Two communities dominated by deposit-feeding bivalves are recognized in Quisset Harbor, Massachusetts. Interference with life position and sediment preconditioning restrict the distribution of some species. The Eel Grass Community, dominated by Nucula proxima, comprises primarily non-siphonate forms which live in fecal-pellet rich, high-water-content, oxygenated sediment. The sediment texture results from active burrowing. This soft, mobile sediment readily clogs the siphons of siphonate bivalves. The Channel Community, dominated by Yoldia limatula, comprises primarily siphonate forms which live in partly compacted, low-water-content muds. Each community is characterized by abundant surface, shallow, and deep feeding species. Competition for food has generated this distinct stratification in feeding depth of the dominant species with each community.

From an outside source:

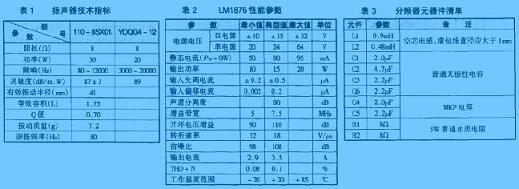 圖9是該音箱分頻器電路圖,分頻點選在3kHz。由于揚聲器是一個感性負載,當通過信號頻率不同時,其阻抗變化很大,故在分頻器中加入了由R1、C3、R2、C6組成的阻抗校正網絡,使分頻器的負載阻抗近似為恒定值。分頻器所用元器件的參數如表3所示。

Similar competitive relationships, affecting both species occurrence and trophic stratification, are apparent in three Silurian age deposit-feeding bivalve communities from the McAdam Brook Formation of Nova Scotia. A community dominated by four non-siphonate species inhabited soupy, high-water-content muds. A community dominated by three siphonate species lived in cohesive muds. A mixed community, dominated by four species, two non-siphonate and two siphonate species (the most abundant of which are present, but not as the most abundant forms, in the other communities), characterized the mid-way point of the ecotone between the other two communities.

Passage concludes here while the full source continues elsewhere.